- _DATA RECORDS_
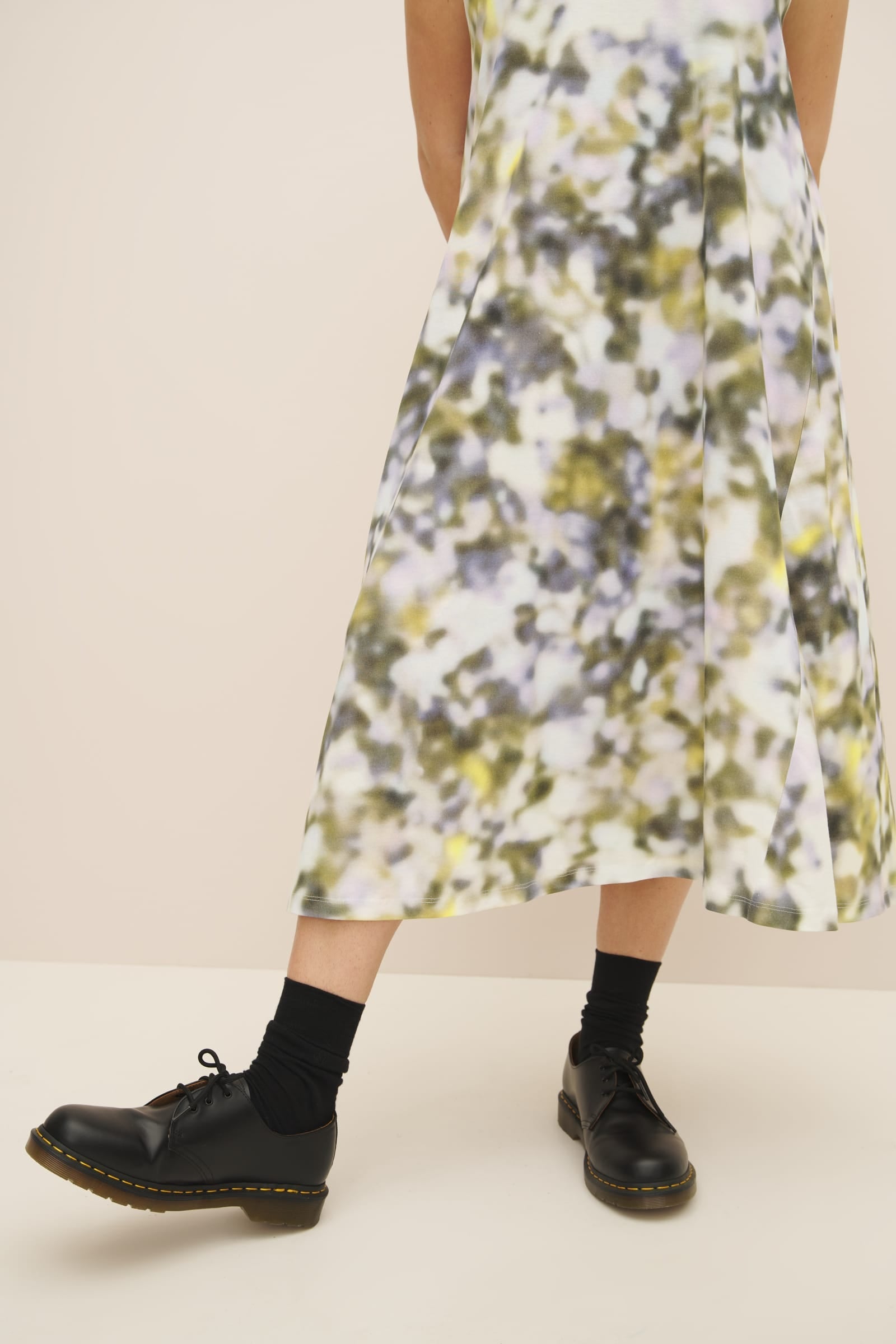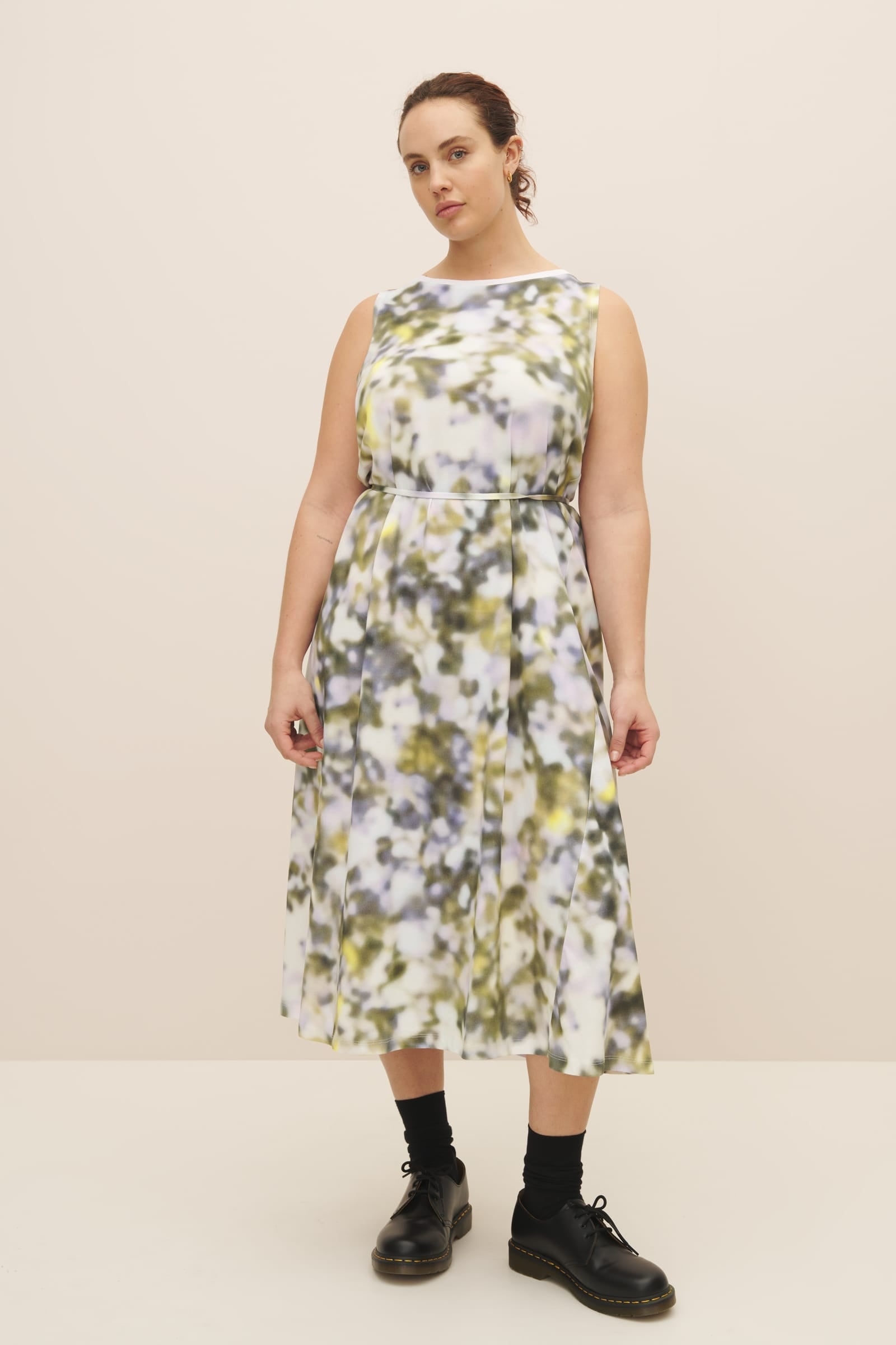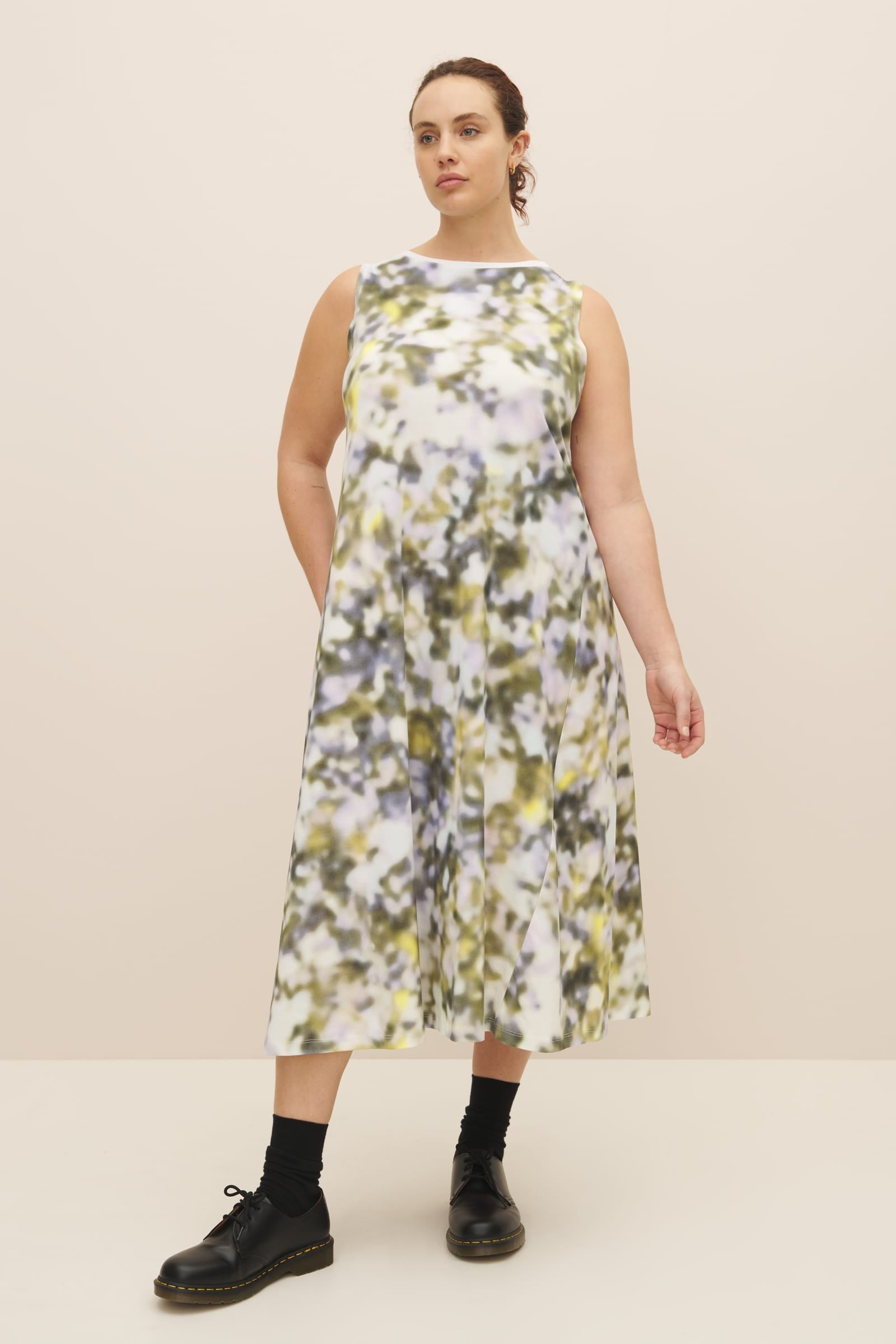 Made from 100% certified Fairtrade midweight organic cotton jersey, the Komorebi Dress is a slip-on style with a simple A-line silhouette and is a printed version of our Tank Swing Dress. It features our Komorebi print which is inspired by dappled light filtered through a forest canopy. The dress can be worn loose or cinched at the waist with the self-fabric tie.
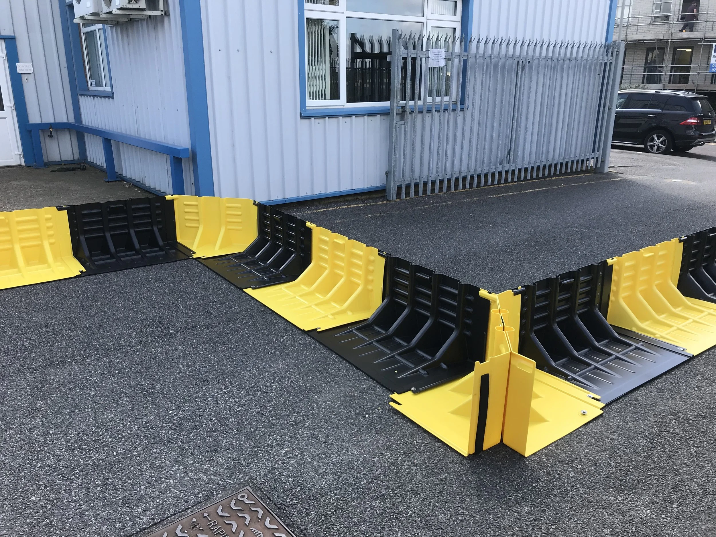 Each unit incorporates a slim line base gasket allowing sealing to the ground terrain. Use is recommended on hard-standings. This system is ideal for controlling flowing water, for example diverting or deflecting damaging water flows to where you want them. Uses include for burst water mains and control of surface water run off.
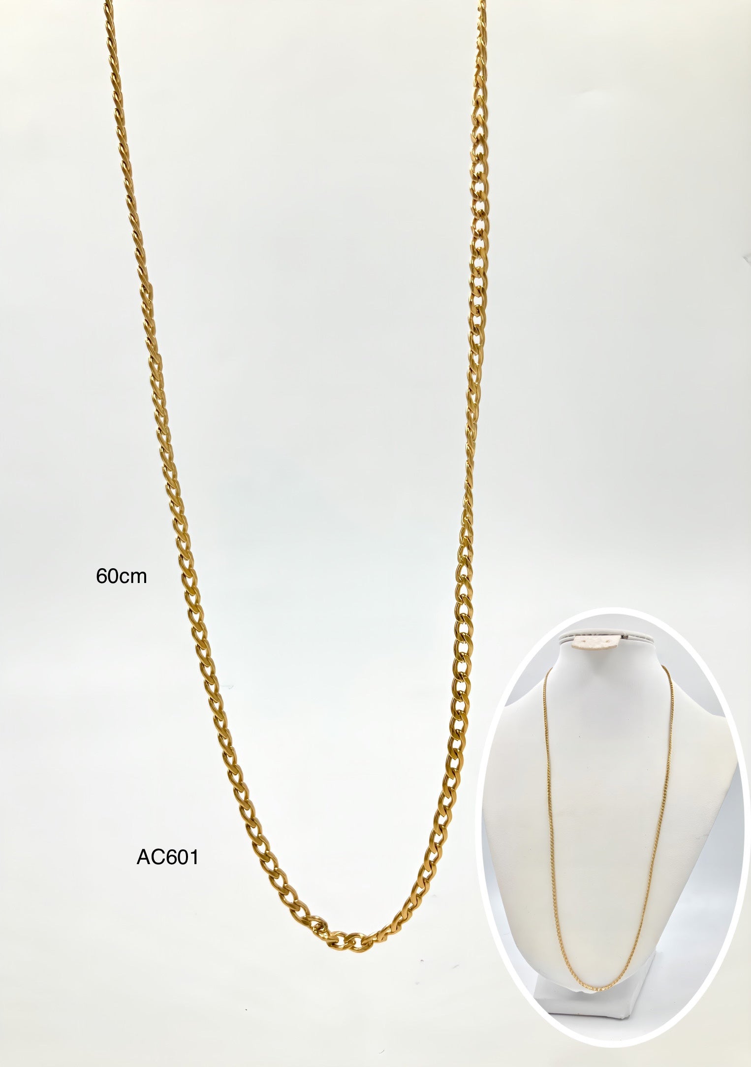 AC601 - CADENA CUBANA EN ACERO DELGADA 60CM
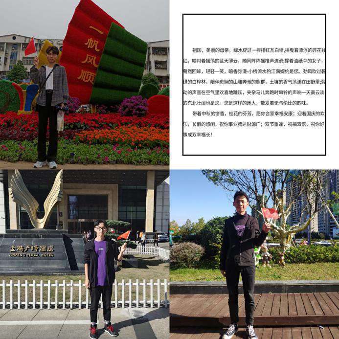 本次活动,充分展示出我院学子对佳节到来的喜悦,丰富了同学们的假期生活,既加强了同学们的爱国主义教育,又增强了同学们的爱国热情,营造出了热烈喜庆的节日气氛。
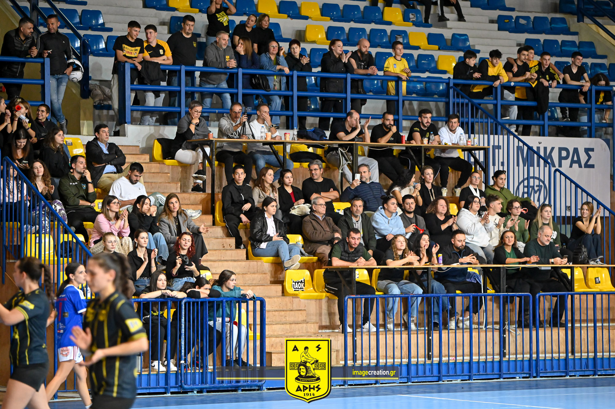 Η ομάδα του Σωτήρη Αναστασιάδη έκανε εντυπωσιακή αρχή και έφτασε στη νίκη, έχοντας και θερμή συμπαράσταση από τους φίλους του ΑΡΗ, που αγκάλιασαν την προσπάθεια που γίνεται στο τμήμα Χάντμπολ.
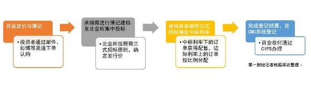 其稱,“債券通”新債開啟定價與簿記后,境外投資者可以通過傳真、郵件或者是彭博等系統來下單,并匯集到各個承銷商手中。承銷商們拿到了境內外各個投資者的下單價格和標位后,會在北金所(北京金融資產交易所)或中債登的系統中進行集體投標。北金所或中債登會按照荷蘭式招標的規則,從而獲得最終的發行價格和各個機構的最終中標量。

- _EXERCISE GOAL_
Leave the pictures out and reproduce every record above exactly.

- _RESULT OF THE EXERCISE_
 Made from 100% certified Fairtrade midweight organic cotton jersey, the Komorebi Dress is a slip-on style with a simple A-line silhouette and is a printed version of our Tank Swing Dress. It features our Komorebi print which is inspired by dappled light filtered through a forest canopy. The dress can be worn loose or cinched at the waist with the self-fabric tie.
 Each unit incorporates a slim line base gasket allowing sealing to the ground terrain. Use is recommended on hard-standings. This system is ideal for controlling flowing water, for example diverting or deflecting damaging water flows to where you want them. Uses include for burst water mains and control of surface water run off.
 AC601 - CADENA CUBANA EN ACERO DELGADA 60CM
 本次活动,充分展示出我院学子对佳节到来的喜悦,丰富了同学们的假期生活,既加强了同学们的爱国主义教育,又增强了同学们的爱国热情,营造出了热烈喜庆的节日气氛。
 Η ομάδα του Σωτήρη Αναστασιάδη έκανε εντυπωσιακή αρχή και έφτασε στη νίκη, έχοντας και θερμή συμπαράσταση από τους φίλους του ΑΡΗ, που αγκάλιασαν την προσπάθεια που γίνεται στο τμήμα Χάντμπολ.
 其稱,“債券通”新債開啟定價與簿記后,境外投資者可以通過傳真、郵件或者是彭博等系統來下單,并匯集到各個承銷商手中。承銷商們拿到了境內外各個投資者的下單價格和標位后,會在北金所(北京金融資產交易所)或中債登的系統中進行集體投標。北金所或中債登會按照荷蘭式招標的規則,從而獲得最終的發行價格和各個機構的最終中標量。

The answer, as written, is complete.